Mutagenesis analysis based on a newly designed DEN-4 replicon indicated the following: (i) the overall secondary structure of the stem 2-loop 3 hairpin is needed for vRNA replication, which is consistent with sequence comparison. (ii) The highly conserved stem 1 and loop 2 sequences are required for DCS-PK function, which is consistent with stem 1-loop 2 interactions in many pseudoknot tertiary structures. The G52-C61 bp, which is located at the 3′ end of stem 1, is the most mutation-sensitive site in stem 1 (Fig. 7), suggesting that more tertiary interactions exist around this site. One possibility is the coaxial stacking with C60-G92 in stem 3. G50 is absolutely required for vRNA replication, suggesting that it directly participates in tertiary interactions. (iii) Tertiary interactions between loop 1 and stem 3 are important for DCS-PK function. Compared to loop 2-stem 1, the loop 1-stem 3 interaction involves fewer nucleotides, which renders the loop 1 sequence more flexible, for example, its tolerance to insertions. The majority of stem 3 bp are sequence independent, although a few mutants that do not change the secondary structure of stem 3 do impair vRNA replication. A possible explanation for this is that most of the nucleotides of stem 3 are not directly involved in tertiary interactions; however, mutations such as A93G and A59G possibly hinder the formation of correct tertiary interactions by steric effects, thus impairing DCS-PK function. The C60-G92 bp in stem 3 is strictly required for vRNA replication, suggesting that a base triple interaction exists between C60-G92 and loop 1. We attempted to model this base triple interaction based on the following facts: (i) loop 1 interacts with the major groove face of stem 3 and forms base triple(s) as in other pseudoknots. (ii) The third base in this base triple interaction can be A, C, or U but not G. Six base triple families whose third nucleotide interacts with the major groove face of a Watson-Crick base pair were identified via the RNA base triples database (http://rna.bgsu.edu/triples/triples.php) (53). Among them, the cWW_tHS GCA (Leontis-Westhof nomenclature [54]) base triple (Fig. 9E) fully satisfies the above requirements and explains the loop 1-stem 3 interactions well. In this model, the A nucleotide in loop 1 can be substituted with C or U, but not G, due to the steric effects between the 2-exocyclic amino group of G and the 4-exocyclic amino group/5-hydrogen of C.

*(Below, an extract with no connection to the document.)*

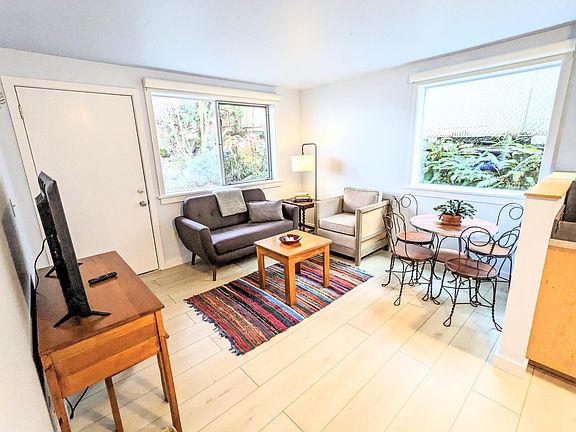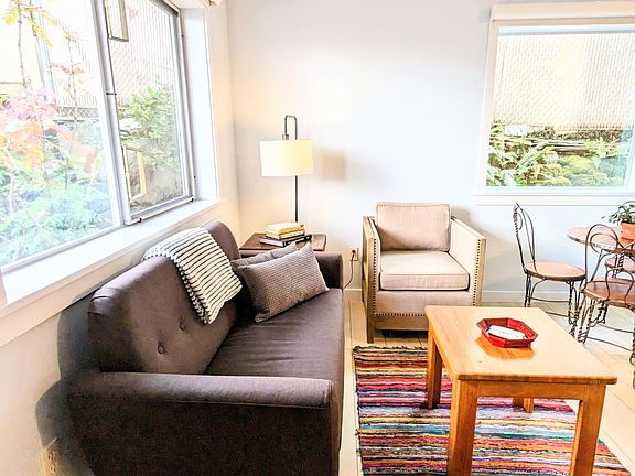 Hi. This is a fully furnished, renovated one-bedroom in a great, quiet location. Private, reserved parking spot. In-unit washer/dryer, dishwasher, and fiber-speed internet. Lots of natural light, private patio, and dedicated raised garden beds. Located just a few blocks from Seattle University, light rail, street car, great restaurants, cafes, a local brewery, and bakeries. Easy access to I-90 for hiking and mountain adventures. This is one of four wonderful apartments in a safe, well-managed building with other professionals. Fully furnished with full kitchen needs, bedding, washer/dryer, dishwasher, hi-def Roku TV, hi-speed internet... Fully furnished and stocked (all kitchen, bedding, towels, etc.) Remote-controlled black-out shades Fully stocked kitchen with new stainless dishwasher New large washer and dryer in unit New tiled bathroom with huge shower Large closets Private outdoor patio with furniture Private reserved off-street parking All bedding and towels included Beautiful landscaping managed by a groundskeeper Lots of light and cross ventilation Super fast private internet for streaming 43" UltraHigh Def 4K Roku TV super high resolution Digital locks Two zone heat control Contact with any questions! Cheers! 12 to 18 months lease available. Move-in costs include first, last, and refundable security deposit. This unit is fully furnished and fully stocked. Apartment is designed for a couple or one person. Private reserved parking on-site and monthly cleaning available. Utilities billed separately. All landscaping and maintenance handled by the owner. No smoking. No pets.

It has been proposed that the initiation of flavivirus negative-strand RNA synthesis involves three phases: (i) the vRNA switches to the circular conformation, which is facilitated by 5′-3′UAR, DAR, and CS hybridization, to bring the 5′ and 3′ ends close and cause the bottom of 3′SL to melt; (ii) the viral RdRp binds to the SLA element at the 5′ end; and (iii) the viral RdRp is translocated to the 3′ end and initiates negative-strand RNA synthesis (8). Friebe and Harris (13) reported that the 5′UAR, 5′DAR, cHP, and 5′CS must act together to achieve their functions, and the sequence downstream of the 5′CS affects vRNA cyclization (30). In this report, we further demonstrated that the DCS-PK element regulates vRNA cyclization, since the disruption of DCS-PK structure hindered the ability of 5′ RNA to bind 3′ RNA, whereas the restoration of DCS-PK structure also recovered the formation of 5′-3′ complex (Fig. 11). We also showed that the function of DCS-PK in vRNA replication depends on interplay with the 5′CS. Based on these results, we propose that the DCS-PK, together with the 5′UAR, 5′DAR, cHP, and 5′CS, form a functional domain that modulates the conformational change of vRNA ends (Fig. 12). The 5′UAR, 5′DAR, cHP, and 5′CS constitute the core of this cyclization domain, whereas DCS-PK helps the core fold into a specific conformation that favors genome cyclization by potential tertiary interactions. More efficient genome cyclization improves the overall efficiency of the vRNA replication process. Further investigation of the structure and function of this cyclization domain will facilitate the in-depth understanding of flavivirus replication and provide new targets for the design of anti-flavivirus drugs.

Fig 12.

Fig 12

Model of flavivirus genome cyclization. The terminal structures are shown in linear (top) and circular (bottom) conformations. The largest region (shown in a dashed-lined box) indicates the proposed cyclization domain. The inner-left boxed region demonstrates the cyclization core, which is composed of the 5′UAR, 5′DAR, cHP, and 5′CS. The inner-right boxed region shows the DCS-PK element. The double-headed arrow indicates the potential tertiary interactions between the enhancer and the cyclization core.

ACKNOWLEDGMENTS

This study was supported by the National Natural Science Foundation of China (31270196, 31000083, and 30972613), National 973 project of China (2012CB518904), and the Open Research Fund Program of the State Key Laboratory of Virology of China (no. 2012005).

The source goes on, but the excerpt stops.